One of the biggest bit of news Amazon dropped on Thursday? It’ss raising the price on its popular Amazon Prime program, from $99 a year to $119 a year, effective May 11. Previously, the company announced Prime had over 100 million subscribers.

The last several months have been busy for Amazon. In late March and early April, President Trump criticized Amazon via Twitter and said Amazon’s agreements with the U.S. Postal Service are “not a level playing field” and that Amazon is putting “many thousands of retailers out of business.” Amazon stock temporarily took a hit in the immediate wake of President Trump’s unfavorable tweets but has since recovered.

President Trump’s current anti-Amazon stance could affect AWS’ odds of landing an exclusive 10-year multibillion-dollar contract it’s competing for — alongside Alphabet (GOOG, GOOGL) and Microsoft (MSFT) — that would modernize the U.S. Department of Defense’s information technology system.

In an interview with Yahoo Finance this month, Amazon CTO Werner Vogels declined to offer an update on the process, other than to suggest that the company remained unfazed by Trump’s attacks. Regardless, Amazon’s chances of scoring the government contract are pretty good, given the company already hosts classified systems with the CIA, as well as other top defense contractors like Lockheed Martin.

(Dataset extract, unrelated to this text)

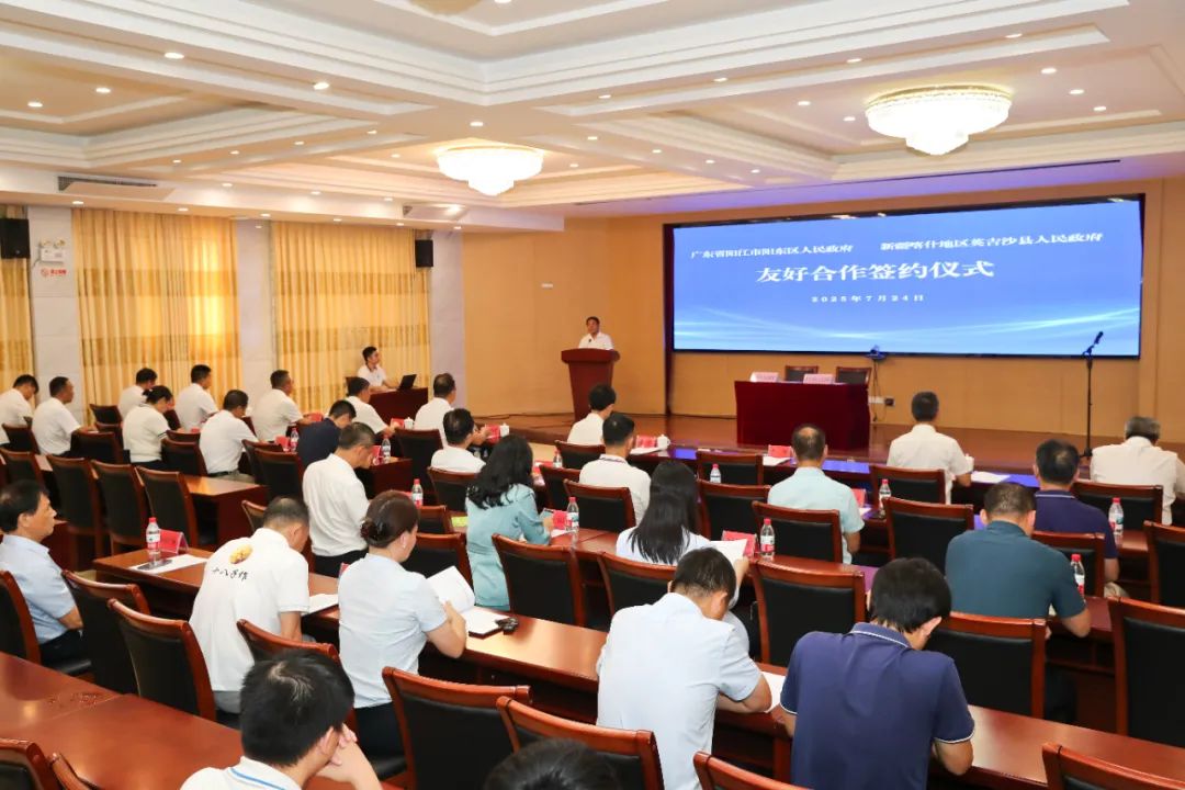 陽江市委常委、常務副市長黃寧,陽東區委書記李坤,區人大常委會主任洪濤,區領導陳華清,英吉沙縣委書記李國慶,縣領導褚思鵬、吳敵出席簽約儀式。區委副書記、區長胡志方主持儀式。

Amazon executives have also been preoccupied in recent months with its ongoing search for a second U.S. headquarters, dubbed HQ2. Since Amazon announced last year it planned on opening a new $5 billion headquarters outside of Seattle, the company has narrowed its search down from 238 U.S. cities and towns to 20 finalists, with news outlets speculating Washington D.C. and Boston could have the edge, based on those markets’ local talent pool, Amazon’s significant presence in those areas, not to mention the fact Amazon CEO Jeff Bezos purchased a $26 million home in D.C.